Но теперь Дед имел случай убедиться в прозорливости «жуликолога». Нет, девочка была жива и целёхонька. И в то же время её как бы уже не было.
Воображение являло ему жуткие картины ее роковой решимости! О, боги! Зачем ему это видеть?! Она что-то с собой сделала ?! и теперь лежит, сложив крылышки, не щебечет и не улыбается... Дед, когда ее улыбку впервые увидел, подумал: рано еще помирать...
Она ему как-то задумчиво сказала: «Наверное, проще всего убежать из жизни через окно – прыгнул, и все ! И жизнь, и смерть — позади! — и тут же добавила: — шучу, шучу». А Дед, я чьих мыслях тоже, бывало, околачивались такие шутки, насупился: «Так не шутят». Впрочем, представить себе ее уход через окно ему не удавалось. Получалось, что она просто вылетала птичкой из форточки, а затем, весело чирикая, возвращалась назад.
Нора думала о том же — с некоторых пор ее притягивало окно. Она подолгу стояла теперь, глядя на улицу вниз — там с тараканьей пронырливостью сновали люди, все как один с авоськами, то есть никто не собирался умирать, эта жизнь их устраивала. Но люди ей теперь безразличны. Значит, остается работа, которая тоже, впрочем, не остается, потому что — зачем же? Писать счастливые трагедии? Но это просто смешно, и так ведь ясно: счастливые — это те, что не тянут жилы из героя, не рвут цельно убитую душу надеждой, а внезапно и молниеносно кончаются. Без мучений и обиняков. Кстати, что это — «обиняки»? В общем, что бы ни было, а все без них, раз и готово. Нет, стоп.. Никогда не сметь больше говорить Деду об этом. И думать …. Лучше про «обиняки»... Но Финал вообще… Это стоит обдумать, и только это. Ничто другое здесь, в жизни, не заслуживает серьезного обдумывания, обо всем остальном, то есть о самой жизни следует размышлять, лишь когда только еще собираешься появиться на свет, а как появился — готовься в обратный путь, пока тебя не затравили, не замучили разные жены - ошибки молодости . И Дед... О, Дед, ты как камень на шее, у меня уже нет сил...

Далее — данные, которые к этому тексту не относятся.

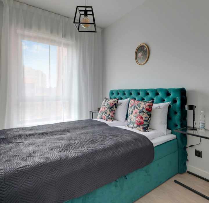 Wnętrze zostało urządzone z dbałością o detale – eleganckie oświetlenie, welurowe tkaniny i nowoczesne dodatki tworzą wyjątkową atmosferę sprzyjającą odpoczynkowi.
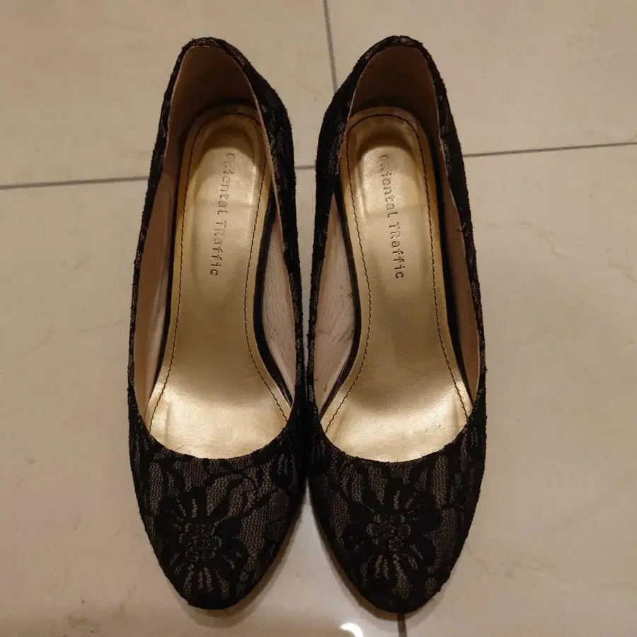 [ 연말까지 판매 ] 블랙 레이스 라운드토 힐 꽃무늬

На третий день Эдуард позвонил. Дед взял трубку, но Нора опередила его, и Дед затаился. «Норочка, это я...» Она — бац трубку на рычаг. Тогда Дед снова осторожно возликовал. И через какое-то время, когда она вышла в ванную и тот снова позвонил. Дед браво крикнул ему, что ее нет и никогда не будет! Никогда! И тоже бросил трубку. Но чуть позже, услышав ее рыдания, снова потускнел. К вечеру отважился к ней постучать, а в ответ получил истерический вопль: «Нет меня! — и затем раздельно-ледяное: — Никогда-не-сметь-ко-мне-больше-стучать понятно?»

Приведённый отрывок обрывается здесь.